E in Italia cosa si potrebbe fare? In primo luogo
coalizzare le progettualità in atto. E poi gettando qualche granello di sabbia
nel meccanismo delle dismissioni pubbliche. Ad esempio assegnando una quota
percentuale dei beni immobili pubblici per community asset da destinare a
strutture culturali e di aggregazione giovanile, a incubatori d’impresa, a
centri di servizio sociale, ecc. Una stessa operazione potrebbe essere fatta
nell’ambito dell’alienazione di terreni agricoli oggi di proprietà dello Stato
e che potrebbero essere utili a sostenere la crescita e il consolidamento di
esperienze, già molto dinamiche, di agricoltura sociale.
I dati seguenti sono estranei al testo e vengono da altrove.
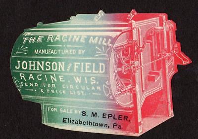 Title (ebay affiliate link): ELIZABETHTOWN PA*SM EPLER*THE RACINE MILL*JOHNSON & FIELD*DIE CUT*TRADE CARD*VTC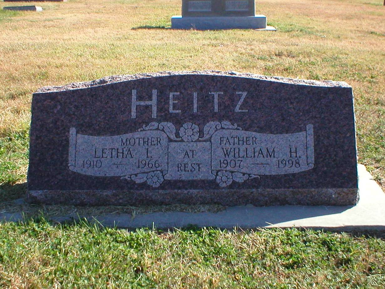 | Heitz | William H. | 1907 | 1998 | Father | Same stone as Letha I. Heitz. | |

Un mix di politiche di sviluppo e di coesione
sociale.
Due punti qualificanti del nuovo governo nazionale in
carica.
E’
una provocazione sostenibile anche per il prossimo governo della città di Crema? Vedi per esempio la struttura degli Stalloni, il palazzo della Provincia in via
Matteotti, ma non solo.
( Tratto
da VITA – FENOMENI, 7 DICEMBRE
2011 di Flaviano Zandonai)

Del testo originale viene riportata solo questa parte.